Apply a thin layer of petroleum jelly with your fingers onto your skin around your hairline and on the tops of your ears. This will make a protective barrier that helps keep the dye from your skin. It can be washed away when you rinse your hair.

Apply the color to your hair wearing the provided gloves. Start with the roots and work your way down to the ends. Work in 1-inch sections of hair to ensure that you thoroughly cover the hair. Once your hair is covered, gently massage the color into your hair with your finger tips; however, avoid rubbing it into your scalp.

Allow the color to sit according to the time determined by your test strand in Step 3.

Rinse your hair under running water once the developing time is over. Continue to rinse the hair until the water runs clear. Condition your hair with the provided conditioner.

Touch up your roots every four to six weeks or as needed, by repeating Steps 2 through 7. You should perform a test strand every time to ensure developing times have not changed.

Sage and Rosemary Method

Place 1/2 cup each of dried sage and dried rosemary leaves into a medium sauce pan. Add 4 cups of water to the pan and simmer over medium heat for 30 minutes.

Remove the pan from the heat and allow the leaves to steep for three hours.

Strain the leaves out of the mixture by pouring it through a fine mesh sieve.

Pour the cooled mixture into your hair, thoroughly saturating it, then allow your hair to completely air dry. Rinse your hair with clean water and allow it to dry again.

Repeat Steps 1 through 4 weekly until you have returned to your original hair color.

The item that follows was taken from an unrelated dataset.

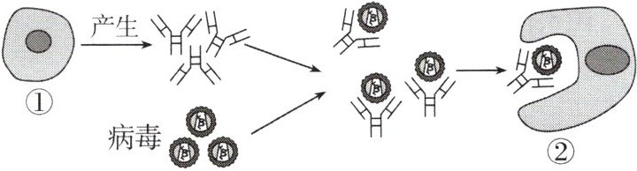 C 解析:结合题图可知,细胞①是淋巴细胞,其产生的抗体只针对特定的病原体或异物起作用,产生的免疫属于特异性免疫;题图显示细胞②正在吞噬与抗体结合的病毒,说明细胞②起吞噬作用;人体的第三道防线主要由免疫器官和免疫细胞组成,具有产生抗体、清除病原体的功能,故细胞①属于人体的第三道防线。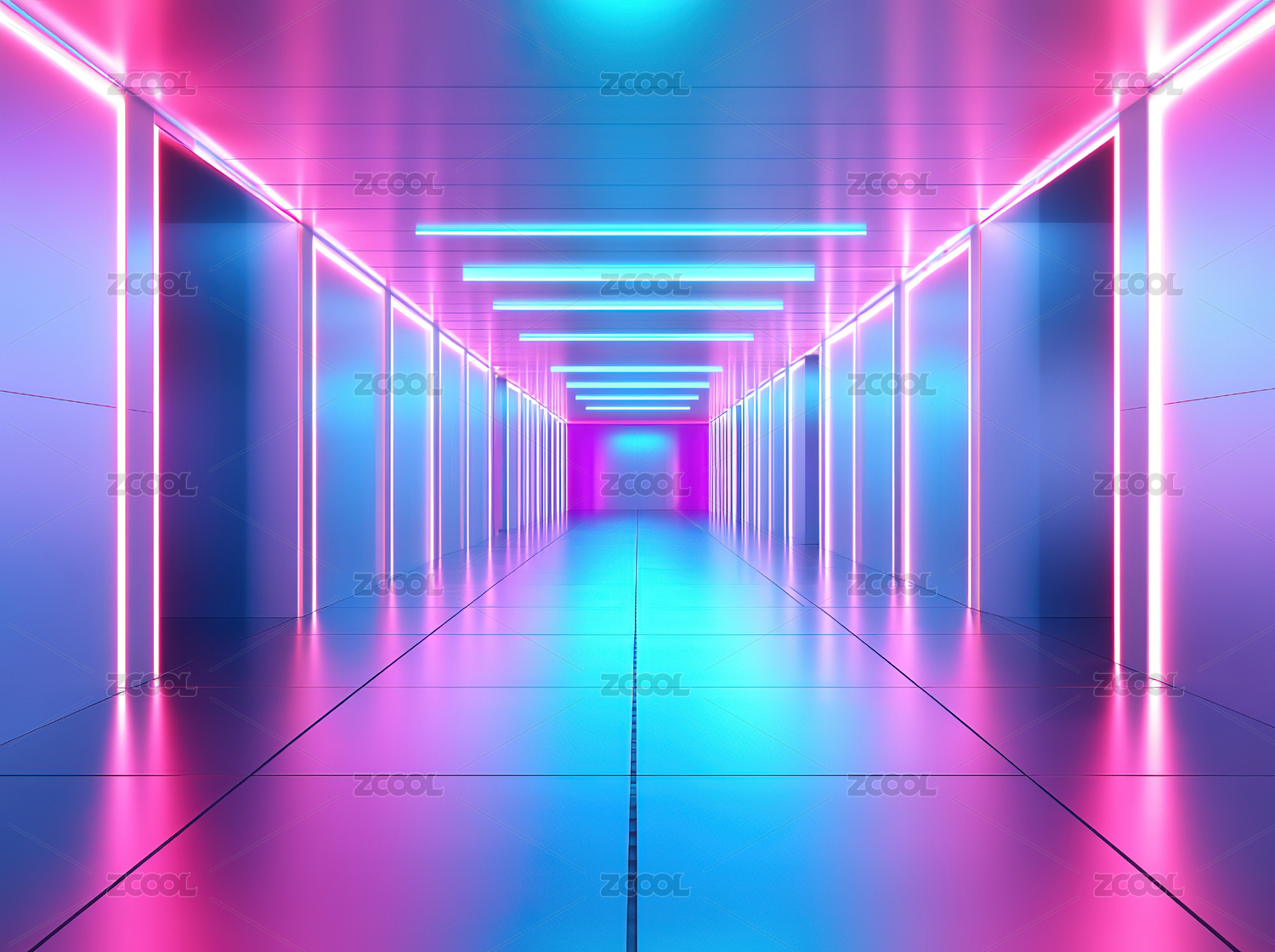 抽象科技感荧光色隧道走廊赛博朋克3D插画

Then, repeat monthly to keep the white covered.


The sage and rosemary method is not intended to dye your hair alternate colors. It is used to return your white hair to your natural color. A strand test should be done every time you color your hair with any method of coloring you choose. This will help ensure there are no skin sensitives and help determine processing times.


Always wear old clothing when dying your hair as it can be messy and dye will permanently stain clothing. If you are trying to cover 100 percent white hair, it is best to contact a professional salon. Standard semi-permanent hair dyes that can be purchased at the grocery store will not work.